13.02.2026 von SWYRL/Eric Leimann
In der ersten Staffel der Thrillerserie "Vigil" mussten zwei Ermittlerinnen einen verzwickten Fall in einem Atom-U-Boot lösen. Auch in Staffel zwei bewegen sie sich unter Militärs und Agenten, nur das Boot fehlt. Diesmal geht es um Kampfdrohnen und die Manipulation von Kriegsgerät.
Eine Serie wie "Vigil" läuft normalerweise nicht im Free-TV, sondern bei kostenpflichtigen Streamern - sollte man meinen. Doch auch das öffentlich-rechtliche Fernsehen produziert nach wie vor erfolgreiche und moderne "Leuchtturmserien", so wie beispielsweise die BBC 2021 mit "Vigil". Der U-Boot-Thriller sorgte für Zuschauerzahlen im zweistelligen Millionenbereich und geriet zum erfolgreichsten BBC-Drama der letzten Jahre. Dazu wurde "Vigil" vom einflussreichen "Guardian" zu einer der besten Serien des Jahres 2021 gewählt. Folgerichtig gab es nach dem Triumph eine Fortsetzung: Die zweite Staffel "Vigil - Tödliche Drohnen", erschienen 2023, wird nun im ZDF wiederholt.
In "Vigil - Tödliche Drohnen" ermitteln die Polizistinnen Amy Silva (Suranne Jones) und Kirsten Longacre (Rose Leslie) abermals unter Militärs einer schottischen Basis, doch diesmal sollen sie ohne U-Boot auskommen. Stattdessen ist Ausgangspunkt des Plots eine fehlgeschlagene Militärübung mit Kampfdrohnen, bei der sieben Menschen getötet werden. Hat jemand das teuflische Kriegsgerät manipuliert?

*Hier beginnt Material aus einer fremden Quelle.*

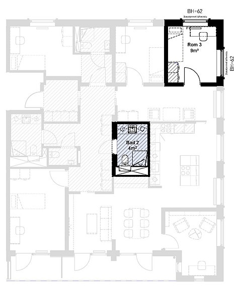 Møbleringen viser ulike løsninger og bruksområder - fra rom med plass til ro og avslapning, til rom tilpasset arbeid, sosialt samvær eller måltider med venner. Hvert rom har fått sitt eget særpreg, både i stil og møblering, og gir et tydelig bilde av fleksibiliteten i boligen og muligheten til å skape et hjem som passer din livsstil.

Es ist natürlich ein Problem, dass der größte Star und Namensgeber der Serie, das Atom-U-Boot "Vigil", in dieser zweiten Staffel quasi untergetaucht ist. Staffel eins lebte ein gutes Stück weit von der typischen Enge, Klaustrophobie und Unausweichlichkeit des U-Boot-Filmgenres. Trotzdem kann man Autor Tom Edge - er schrieb Renée Zellwegers Oscar-Film "Judy" - verstehen, dass er sich mit seiner zweiten "Vigil"-Erzählung ein Stück weit vom Modell des ersten Sechsteilers entfernen wollte. Statt Tauchfahrten gibt es diesmal also Drohnenflüge und Erzählungen rund ums "indirekte" Töten und die Manipulation ferngesteuerter Waffenarsenale.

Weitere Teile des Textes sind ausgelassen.